■ EXERCISE
Beginning at the line that holds "Subklinický nedostatok vitamínu", transcribe each line exactly through the end of the records, and leave any pictures out.

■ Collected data
▼

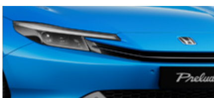
RACING BLUE PEARL
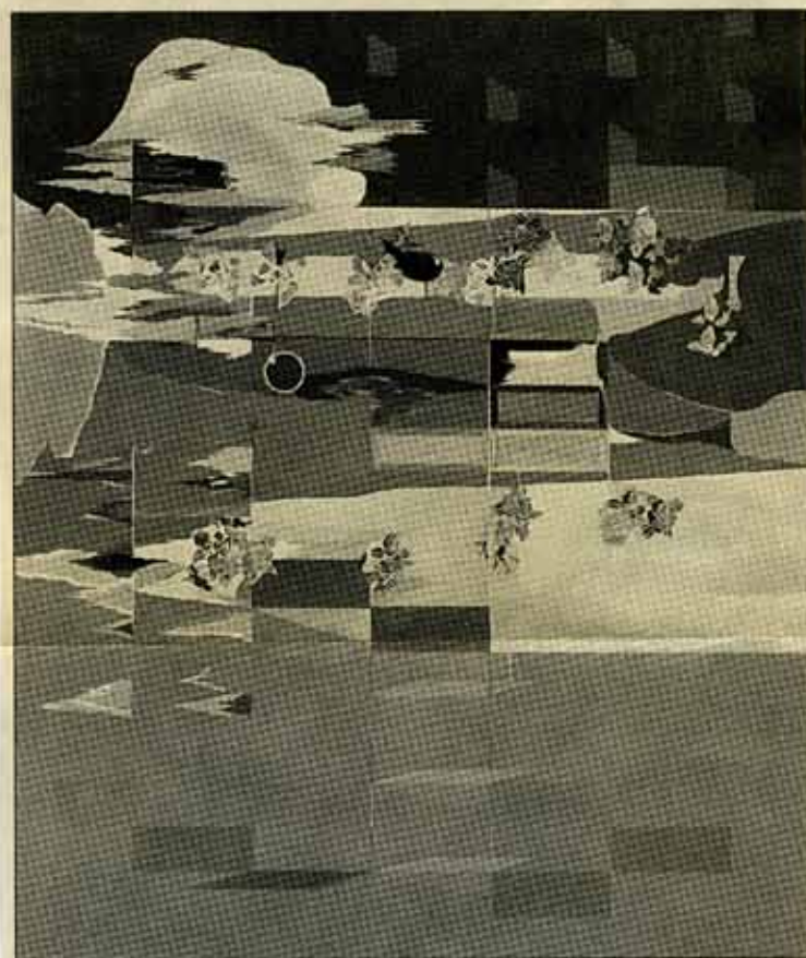
À ciel ouvert, 2006, de Michel Daigneault
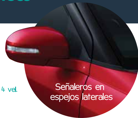
Señaleros en espejos laterales
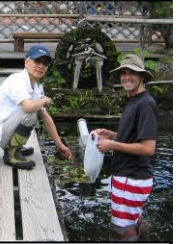
昔の豊かな自然を願い、モクズガニを放流。 全国一斉水質調査に今年度も協力し、三島市内各所で水質調査。 ミシマバイカモの定期的な手入れ。
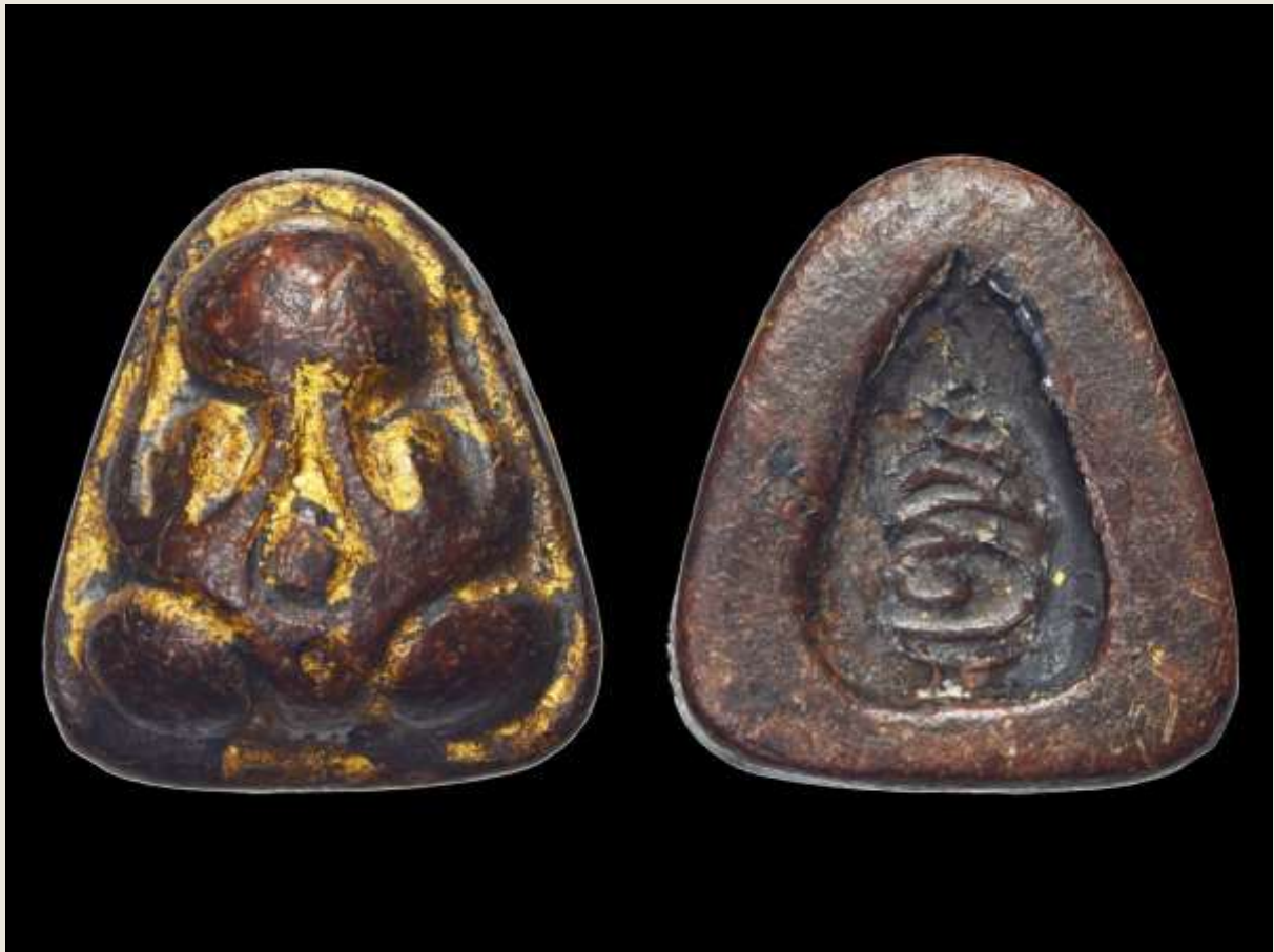
พระปิดตาหลวงปู่เจียม วัดกำแพง หลังยันต์อุ

หลังจากดำรงตำแหน่งเจ้าคณะจังหวัดอยู่ 4 ปี อาการอาพาธของท่านในท่ามกลางยุคสมัยที่ยังมีข้อจำกัดทางการแพทย์อยู่หลายประการ สุดที่จะเยียวยาแก้ไขให้ทุเลาเบาบางได้ ท่านจึงละทิ้งสังขารในวันที่ 26 พฤษภาคม (เอกสารบางฉบับ 25 พฤษภาคม) พ.ศ. 2454 แห่งรัชสมัยพระบาทสมเด็จพระมงกุฎเกล้าเจ้าอยู่หัวรัชกาลที่ 6 รวมสิริอายุได้ 56 ปี
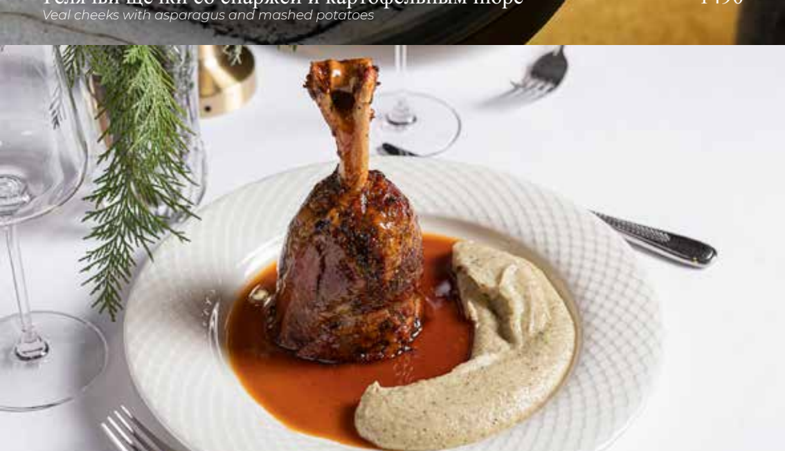
Телячьи щёчки со спаржей и картофельным пюре Veal cheeks with asparagus and mashed potatoes
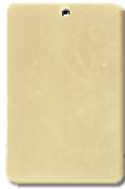
REF: PC-1 Colgante Placa 24 x 36 x 1,2

DIMENSIONES : Anchura x Altura x Grosor (en mm.)
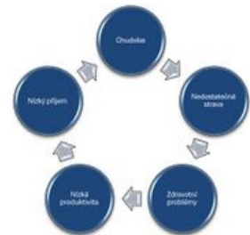
Začarovaný kruh malnutrice u dospělých

Subklinický nedostatok vitamínu D je popisovaný u značného percenta obyvateľ, ako v Severnej Amerike, tak v Európe, ale Americký Inštitút of Medicine však poukazuje na neexistenciu obecného konsenzu o adekvátnej hladine plazmatického 25OHD a tak možnosť nadhodnocení prevalence deficitu v populácii. [5]
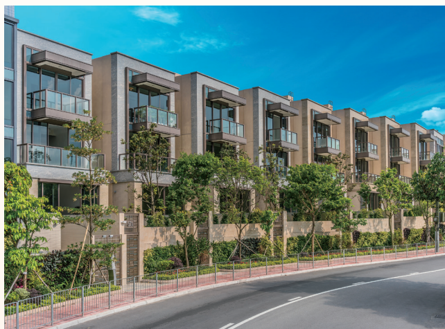
富豪 • 悅庭內花園洋房之外觀
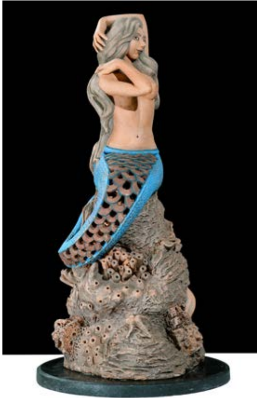
( عروسة البحر ) - نحت فخاري ملون بالبطانات Terracotta ٦٠ سم طول × ٥٥ سم عرض × ٤٥ سم سمك بالتقريب ( ٢٠٢١ )

▲

■ FINAL ANSWER
Subklinický nedostatok vitamínu D je popisovaný u značného percenta obyvateľ, ako v Severnej Amerike, tak v Európe, ale Americký Inštitút of Medicine však poukazuje na neexistenciu obecného konsenzu o adekvátnej hladine plazmatického 25OHD a tak možnosť nadhodnocení prevalence deficitu v populácii. [5]
富豪 • 悅庭內花園洋房之外觀
( عروسة البحر ) - نحت فخاري ملون بالبطانات Terracotta ٦٠ سم طول × ٥٥ سم عرض × ٤٥ سم سمك بالتقريب ( ٢٠٢١ )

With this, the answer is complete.